--- REQUIREMENT ---
Retype the records below exactly as they stand, omitting the pictures.

Collected data

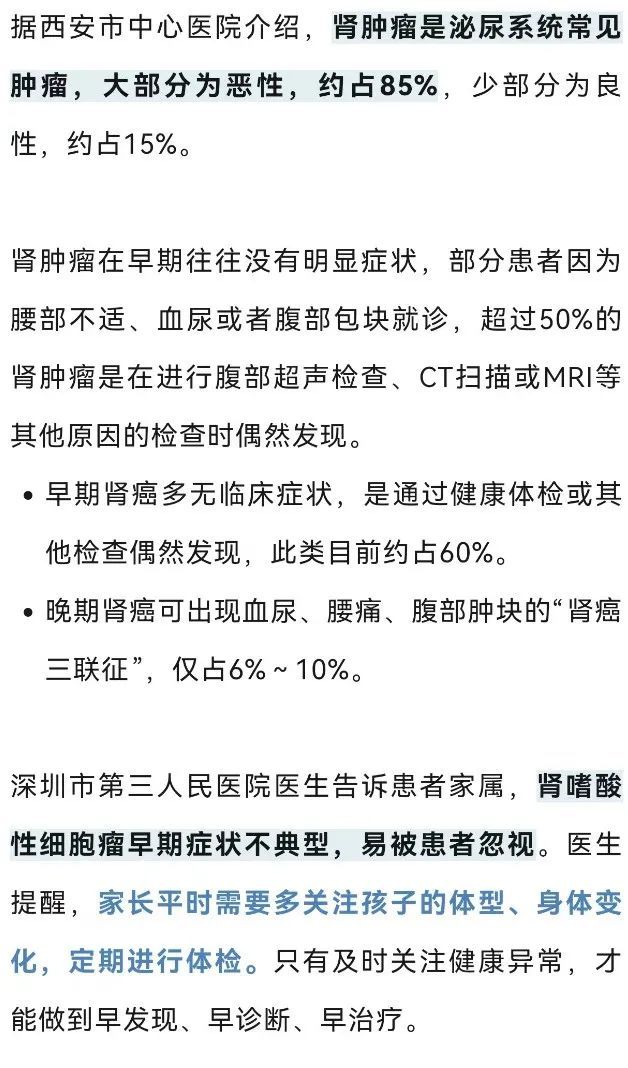 青少年肾肿瘤隐匿性强
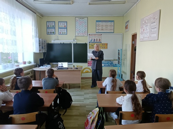 С целью патриотического воспитания подрастающего поколения сотрудники ЛИУ-7 посетили муниципальное образовательное учреждение «Начальная школа – детский сад» в поселке Полевой Кирсановского округа. Член женского совета, ветеран УИС Марина Никитина провела для учеников 1-4 классов «Урок мужества».
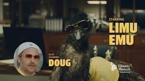 plot Doug is just a normal insurance worker until he meets LiMu and then he and LiMu are used in adds and also try to tell people to only pay for what they need when a pyramid scheme corrupts other insurances and plants spy's in Liberty Mutual so LiMu emu and Doug have to stop it even when there friends are bribed and turn on them maybe for plot purposes they could have a fight and split when Doug is captured (by another insurance company) so LiMu saves him and they realize that they need each other and that life without there partner in heroism is not very good so they aftr talking to the mighty statue of liberty there spirits are boosted so after some detective work they find out what is happening (people are ripping people off and stealing information and maybe some other bad stuff) and try to stop it they end up doing so in an epic fight and win.
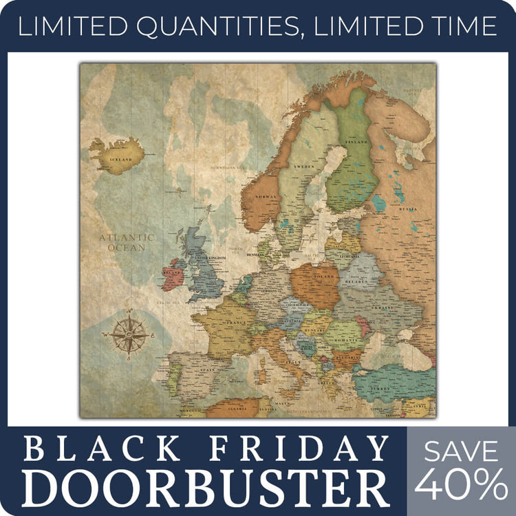 This Europe Push Pin Travel Map makes a beautiful statement on any home or office wall and also serves as a great way to record and plan all your travels. Rich, vintage earth-tones blend with most decors. Easy-to and ready-to hang; no additional framing necessary. Foam-like backing ensures pins stay intact. The perfect gift for any traveler.
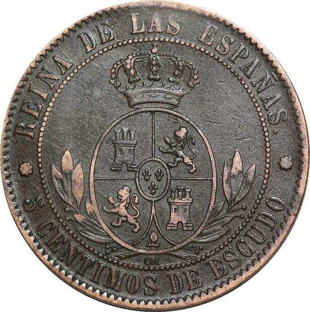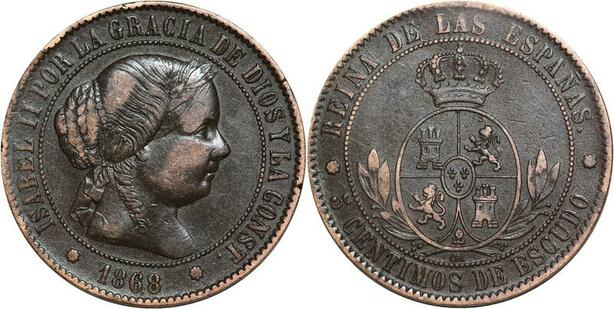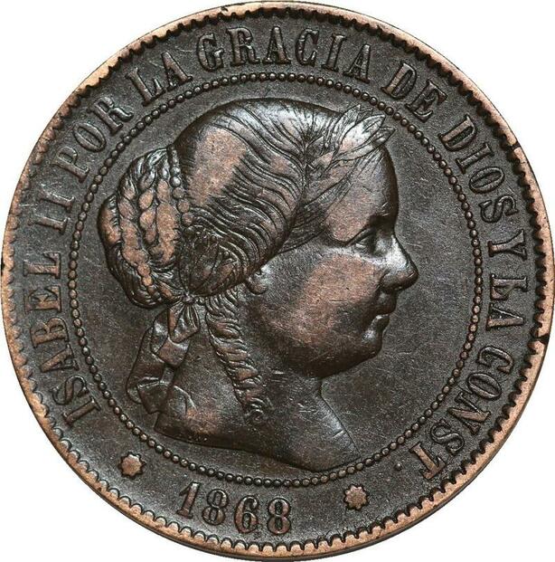 R3916 Spain 5 Centimos Isabel II 1868 OM 8 pointed star Barcelona -> Make Offer

--- RESPONSE AREA ---
 青少年肾肿瘤隐匿性强
 С целью патриотического воспитания подрастающего поколения сотрудники ЛИУ-7 посетили муниципальное образовательное учреждение «Начальная школа – детский сад» в поселке Полевой Кирсановского округа. Член женского совета, ветеран УИС Марина Никитина провела для учеников 1-4 классов «Урок мужества».
 plot Doug is just a normal insurance worker until he meets LiMu and then he and LiMu are used in adds and also try to tell people to only pay for what they need when a pyramid scheme corrupts other insurances and plants spy's in Liberty Mutual so LiMu emu and Doug have to stop it even when there friends are bribed and turn on them maybe for plot purposes they could have a fight and split when Doug is captured (by another insurance company) so LiMu saves him and they realize that they need each other and that life without there partner in heroism is not very good so they aftr talking to the mighty statue of liberty there spirits are boosted so after some detective work they find out what is happening (people are ripping people off and stealing information and maybe some other bad stuff) and try to stop it they end up doing so in an epic fight and win.
 This Europe Push Pin Travel Map makes a beautiful statement on any home or office wall and also serves as a great way to record and plan all your travels. Rich, vintage earth-tones blend with most decors. Easy-to and ready-to hang; no additional framing necessary. Foam-like backing ensures pins stay intact. The perfect gift for any traveler.
 R3916 Spain 5 Centimos Isabel II 1868 OM 8 pointed star Barcelona -> Make Offer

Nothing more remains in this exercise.